In vivo carcinogenesis studies have also shown that carcinogenesis is a multistage process comprising clearly distinguishable initiation, promotion, and progression.9,10 In vitro CTA can partially imitate initiation and promotion.11,12 In general, many genotoxic carcinogens cause initiation, and many nongenotoxic carcinogens cause promotion.13 Some of the in vitro assays published in the OCED guidelines detect initiator with genotoxicity as an index. Bhas 42 CTA is to predict carcinogenesis of compounds, which is the only method published in the OECD guidance document that can distinguish tumor promoters and initiators.14,15.

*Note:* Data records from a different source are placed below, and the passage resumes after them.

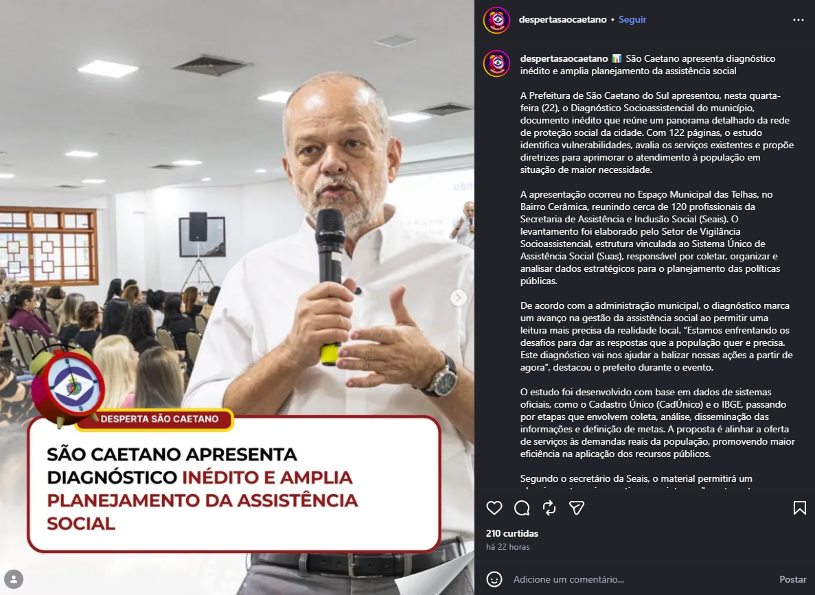 Veículo: Online -> Instagram -> Instagram Desperta São Caetano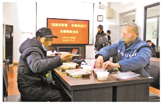 圖為軍天湖監(jiān)獄舉辦迎新春親情幫教活動現(xiàn)場,罪犯和家屬共進(jìn)“年夜飯”。
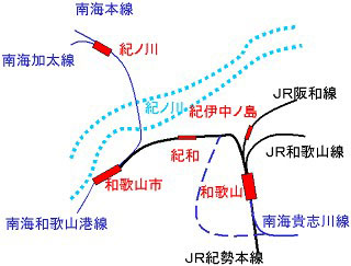 1922(大正11)年に開通した国鉄紀勢本線は、貴志川線との平面交差を嫌った。そのため貴志川線は市内の路線を放棄し、その代わりに現在の和歌山駅への乗り入れを許された。時が移り、阪和電鉄は1940(昭和15)年に南海電鉄と合併、しかし1944(昭和19)年には戦時体制のため国有化される。当時、貴志川線の経営は和歌山電気軌道が担っていたが、1961(昭和36)年に南海に買収された。和歌山は南海と国鉄と地方私鉄が入り乱れる複雑な鉄道史を持っている。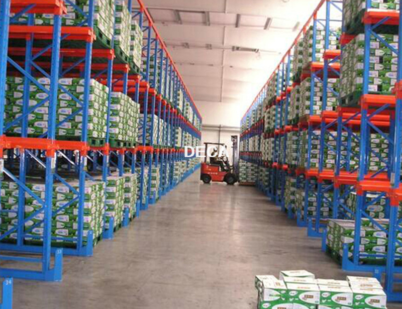 貫通式貨架又叫通廊式貨架。可實現先進先出和先進後出兩種貨物存取模式,貫通式貨架採用托盤存取方式,适合存放品種單一、數量少、批量大的倉庫使用。貫通式貨架需要搭配叉車進行使用,叉車需要進入貫通式貨架内部才能存取貨物,因此濟南倉儲貨架廠德嘉建議貫通式貨架單側提貨的深度不要超過7個貨位。爲瞭提高叉車的運行速度,可以根據實際需要選擇和配置導軌。貫通式貨架的利用率可提高30%以上,廣泛應用於冷藏、食品和煙草行業。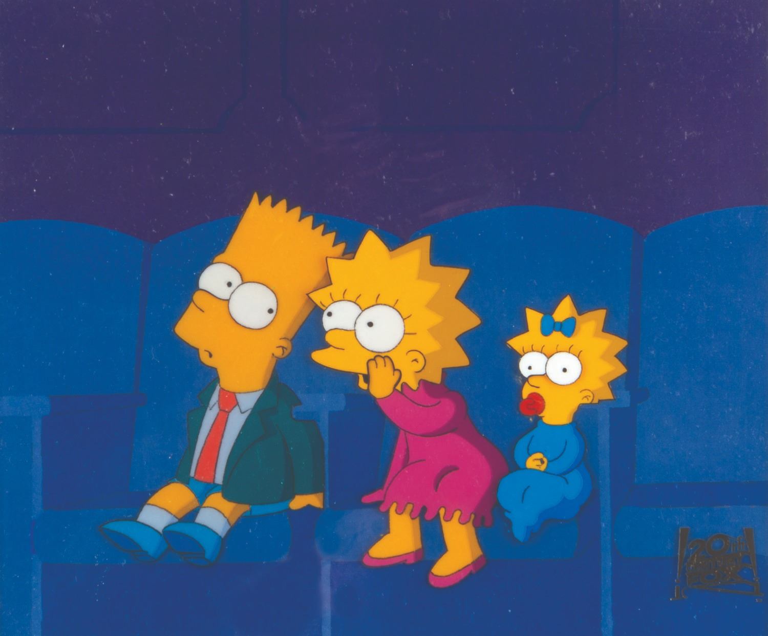 (20th Century Fox, 1992) An original multi-layer production cel of Bart, Lisa, and Maggie from “The Simpsons” episode “A Streetcar Named Marge,” with a color copy background. Also included are three production drawings of Lisa’s head, body, and Maggie. Bart, Lisa, and Maggie, have an image size of 4.5” x 6” on a 7.5” x 9” visible cel. The entire matted and framed piece measures 14.5” x 16” and is in fine condition with light scuffs to the frame. The 10.5” x 12” graphite drawings are in good condition with light edge wear, creasing, and stains from production use.

Bhas 42 cells were established by introducing the v-Ha-ras gene into Balb/3T3 A31-1–1 cells.16 These cells form a contact-inhibited confluent monolayer, but when exposed to carcinogens, the transformed cells proliferate to form transformed foci. The Bhas 42 CTA evaluates the potential of chemicals to cause initiation or promotion using the frequency of focus occurrence as an index.17 In the promotion test, the exposure of cells to chemicals is carried out at a higher cell density than the initiation test. Subcutaneous implantation of untransformed Bhas 42 cells into a nude mouse did not form a tumor, but transformed focus cells showed 100% tumorigenicity (four out of four).18 Further, the expression of the v-Ha-ras gene is 2 to 14 times higher in focus cells than in untransformed cells.15 In addition to the multilaboratory collaborative study of Bhas 42 CTA, an international validation study of the Bhas 42 CTA has been conducted by the Japanese Center for the Validation of Alternative Methods (JaCVAM).19,20 EURL ECVAM reviewed the studies and recommended Bhas 42 CTA based on its transferability, reproducibility and relevance of the protocol.21 However, EURL ECVAM also points out that sufficient education and training for determiners are essential because focus scoring is done visually.15 A photo catalog of various examples of untransformed and transformed foci are provided to assist in distinguishing transformed foci and nontransformed cell clusters. Nevertheless, the scoring task is labor intensive, time-consuming, and inevitably subjective because various morphological foci are observed.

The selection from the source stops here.